Тем не менее тот факт, что откровение есть откровение спасения, не означает, будто оно возвещает человеку его будущее искупление. Откровение вызывает Спасение. Откровение Бога человеку, которое есть любовь Бога к человеку, вызывает ответ человека. Ответ человека на любовь Бога — это любовь к ближнему. Таким образом, Откровение Бога начинает дело Спасения, которое вместе с тем есть дело самого человека. Это иудейский момент в мышлении Розенцвейга: Спасение есть дело человека. Человек — необходимый посредник Спасения Мира. Но для этого необходимо также, чтобы эта любовь просветлилась коллективным существованием.
Мы не имеем возможности проследить здесь тот ход анализа, который привел Розенцвейга к выводу о существовании религиозной коллективности как необходимого требования дела Спасения. В этом анализе совершается переход его прежней, философской, позиции к позиции религиозной, а также вхождение великих религий откровения в сферу его размышления. Выделим здесь такую тему: ткань реальности есть религиозная история. Она определяет историю политическую. Такова антигегелевская позиция Розенцвейга.

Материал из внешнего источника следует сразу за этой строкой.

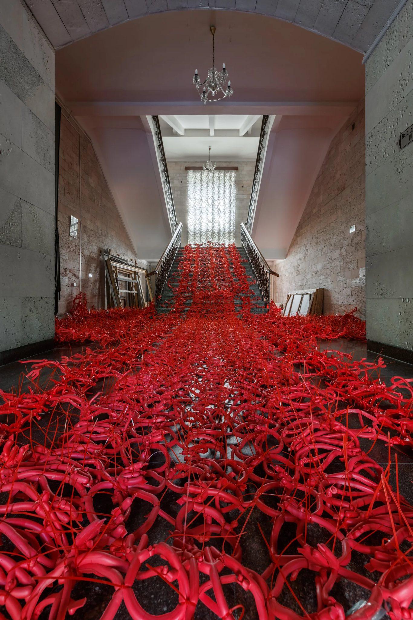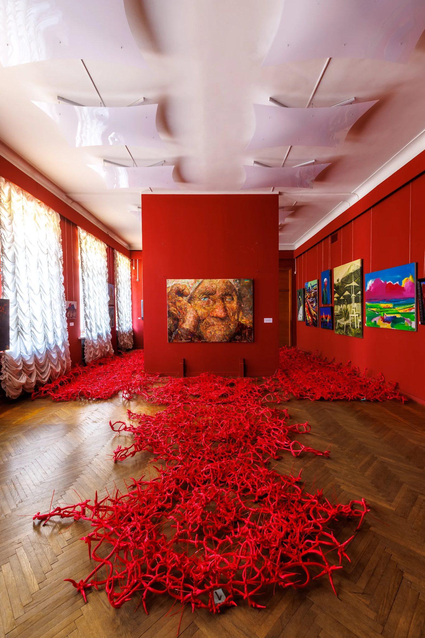 “Робота перетворюється на живу артерію, що обвиває сходи та стіни, звертаючись до тем війни, пам’яті, крові та втрат”, — написав Валерій.

Как бы то ни было, взаимосвязь элементов «Бог», «Мир» и «Человек» — это не только прошлое и настоящее, но и грядущее: дефор-мализованное грядущее, будущее вечности. Философов, возможно, заинтересует эта деформализация понятий прошлого, настоящего и будущего, неотделимых от онтологических событий, чьим предельным значением они в конечном счете являются. В них можно видеть, как я только что сказал, начинание, подобное знаменитой хайдег-геровской теории «временных экстазов».
Что интересует самого Розенцвейга, так это открытие бытия как жизни, бытия как жизни отношения. Открытие мышления, которое есть сама жизнь этого бытия. Личность больше не входит в мыслимую ею систему, как это было у Гегеля, чтобы застыть там и отречься от своей единичности. Единичность необходима для осуществления этого мышления и этой жизни именно как незаменимая единичность — единственная, которая способна к любви, которая может быть любимой и умеет любить, которая способна образовать религиозную общину.
Таким образом, мы описали первое движение мысли Розенцвей-га — переход от идеалистической философии к религии; к жизни, которая есть религия; к религии, которая есть как бы сама сущность бытия. Сначала речь идет о религии вообще: мы еще не видим ни христианства, ни иудаизма, но мы уже видим роль религиозных общин. Здесь обнаруживаются два типично иудейских элемента: первый — идея заповеди как сущностно важной для отношения любви: любовь проявляется в заповеди, любовь — единственное, что может заповедать любовь; второй — идея человека-спасителя вместо Бога-спасителя. Хотя спасение исходит от Бога, оно абсолютным образом нуждается в посредничестве человека.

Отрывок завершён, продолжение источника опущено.